Nonlinear interactions between an unstably stratified shear flow and an evolving phase boundary

Well resolved numerical simulations are used to study Rayleigh-B\'enard-Poiseuille flow over an evolving phase boundary for moderate values of P\'eclet ($Pe \in \left[0, 200\right]$) and Rayleigh ($Ra \in \left[2.15 \times 10^3, 10^6\right]$) numbers. The relative effects of mean shear and buoyancy are quantified using a bulk Richardson number: $Ri_b = Ra \cdot Pr/Pe^2$, where $Pr$ is the Prandtl number. For $Ri_b \ll 1$, we find that the Poiseuille flow inhibits convective motions, resulting in the heat transport being only due to conduction. In the opposite limit of $Ri_b \gg 1$, the flow properties and heat transport closely correspond to the purely convective case. We also find that for $Ri_b = O(1)$ there is a pattern competition for convection cells with a preferred aspect ratio.
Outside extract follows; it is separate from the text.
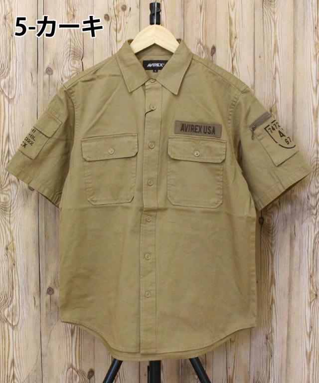 送料無料 AVIREX アヴィレックス 半袖 ファティーグ カーキシャツ コットン ミリタリーシャツ 綿100% おすすめ おしゃれ 通販 春 夏 服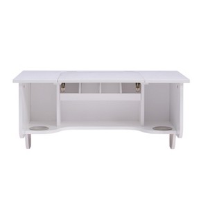 Hair. Check. Makeup. Check. Get ready for your busy day with this compact vanity ledge. Space-saving design features an assortment of storage options. Hair dryer holsters offer a simple solution to organizing makeup, hair accessories, styling tools,or even jewelry - all in one convenient place. The smooth white finish, fold down mirror, and sturdy wall mount system make this a perfect addition to your dressing area or bathroom.

Furthermore, we find travelling waves at the solid-liquid interface when $Pe \neq 0$, in qualitative agreement with other sheared convective flows in the experiments of Gilpin \emph{et al.} (\emph{J. Fluid Mech} {\bf 99}(3), pp. 619-640, 1980) and the linear stability analysis of Toppaladoddi and Wettlaufer (\emph{J. Fluid Mech.} {\bf 868}, pp. 648-665, 2019).